Answering Machine

They Leave Me Broken, Bruised, and Bleeding

“Mr. O’Callaghan.”

I shifted slightly, suddenly realizing how uncomfortable I was.

“Mr. O’Callaghan?”

I blinked, as the voice grew louder, closer, and more urgent.

“Huh?” I mumbled, opening my eyes and attempting to sit up from my painful, slouched position. In my lap, Allie fidgeted in her sleep, one of her tiny fists gripping the fabric of my shirt and her head resting on my shoulder.

In two of the seats next to me, Lindsay’s parents sat up straight and at attention. I barely remembered them arriving – it must have been hours ago – but I remembered clearly the pain of having to call them and tell them that their daughter, their only child, had been in an accident.

I looked around me, taking in the desolate appearance of the mostly deserted pristine waiting room. My eyes caught a glimpse of a clock hanging high on the wall, and I squinted to read the time: 8:47 PM. Had it really been over four hours?

“Where’s Lindsay?” I questioned at once, trying to remember to keep my voice low as not to wake Allie. “Is she okay? Can I see her? I need to see her!

My words came out jumbled and with barely a pause between each one. I looked desperately up at the nurse in front of me, who was dressed in sea foam green scrubs and peering down cautiously at me.

“She just came out of surgery,” she explained, “and she’s being brought to recovery right now, but the doctor would like to speak with you before we bring you to see her.”

She glanced between Lindsay’s parents and me, attempting to offer us small, reassuring smiles. I wanted to stand up and grip the nurse by her shoulders and shake her, make her take me to see Lindsay before I absolutely exploded with anxiety and fright.

I opened my mouth to argue, but before I could, the large double doors to my right swung open and a doctor walked out, a solemn look spread across his face as he headed towards us.
Please let her be okay, please let her be okay, I found myself repeating silently until the man came to a stop in front of me. I stood up, wobbling slightly as I tried to find my balance, and tried to look him in the eye.

“Mr. O’Callaghan, Mr. and Mrs. Thompson,” he greeted all of us with a curt nod, sticking his hand out. “I’m Doctor Reese.”

I shook his hand and returned his nod with a stiff, acknowledging one of my own, but found that I couldn’t bring myself to say anything in return. I felt so small, sitting while the doctor stood in front of me and Lindsay’s parents rose to do so as well, shaking the doctor’s rough hand. But I couldn’t move, not with Allie cradled in my lap as she was. If anything, I needed to keep her close to me, to know that at least she was okay and safe in my arms.

The doctor looked back to me, offering me a reassuring smile.

“Your wife – “

“Lindsay,” I interjected, perhaps just as an excuse to say her name out loud.

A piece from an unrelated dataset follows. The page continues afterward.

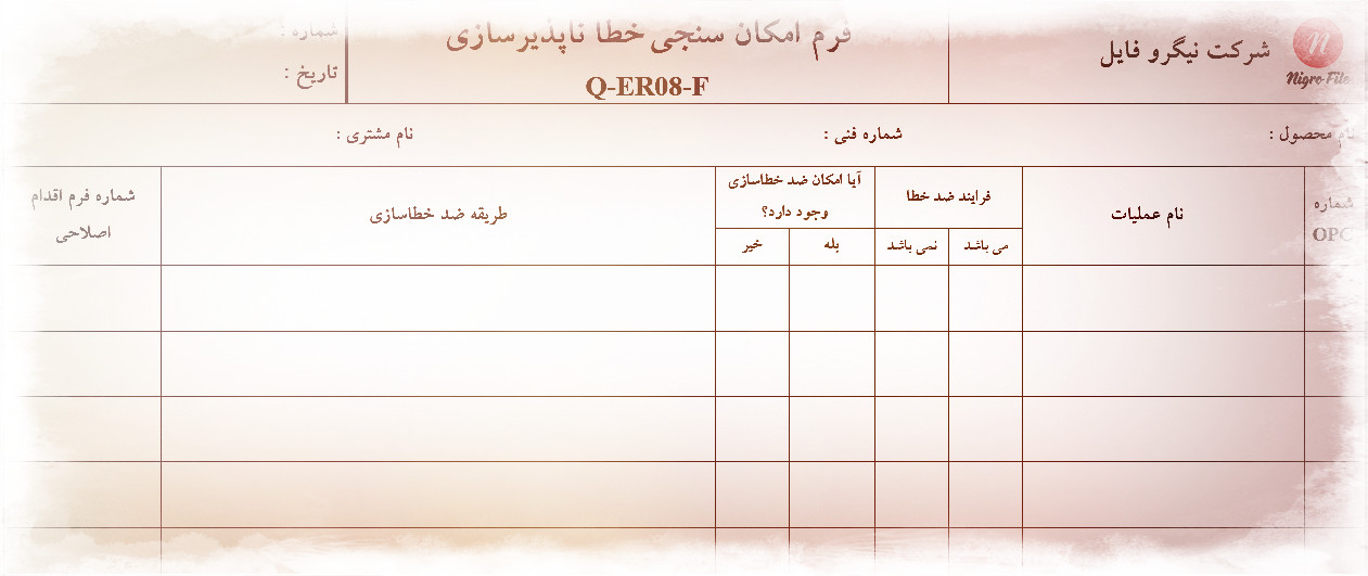 نمونه فرم امکان سنجی خطا ناپذیرسازی

“ – she’s out of surgery and she’s been moved to recovery. She’s still under the anesthesia, but she’s in a stable condition and we expect her to eventually make a full recovery.”

A heavy, relieved sigh escaped my lips and I ran a shaky hand through my hair, nodding, before the doctor continued.

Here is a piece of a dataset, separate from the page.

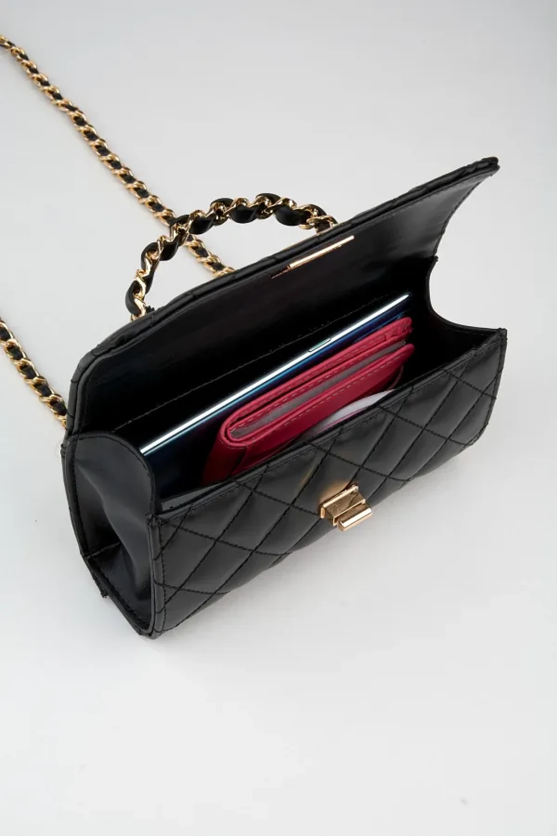 Vivaq حقيبة يد نسائية سوداء مبطنة صغيرة الحجم مزودة بحزام إغلاق بالإطباق وحقيبة كتف

“Thankfully, she didn’t suffer any neurological damage, but her body is beat up quite badly.”

“Quite badly?” I repeated, looking at him with wide eyes. “How bad is ‘quite badly’?”

“Well,” he began with a sigh, “she has two broken ribs, her left leg is shattered in three different places, and she’s got dozens of other cuts and bruises, all of varying sizes and severity.”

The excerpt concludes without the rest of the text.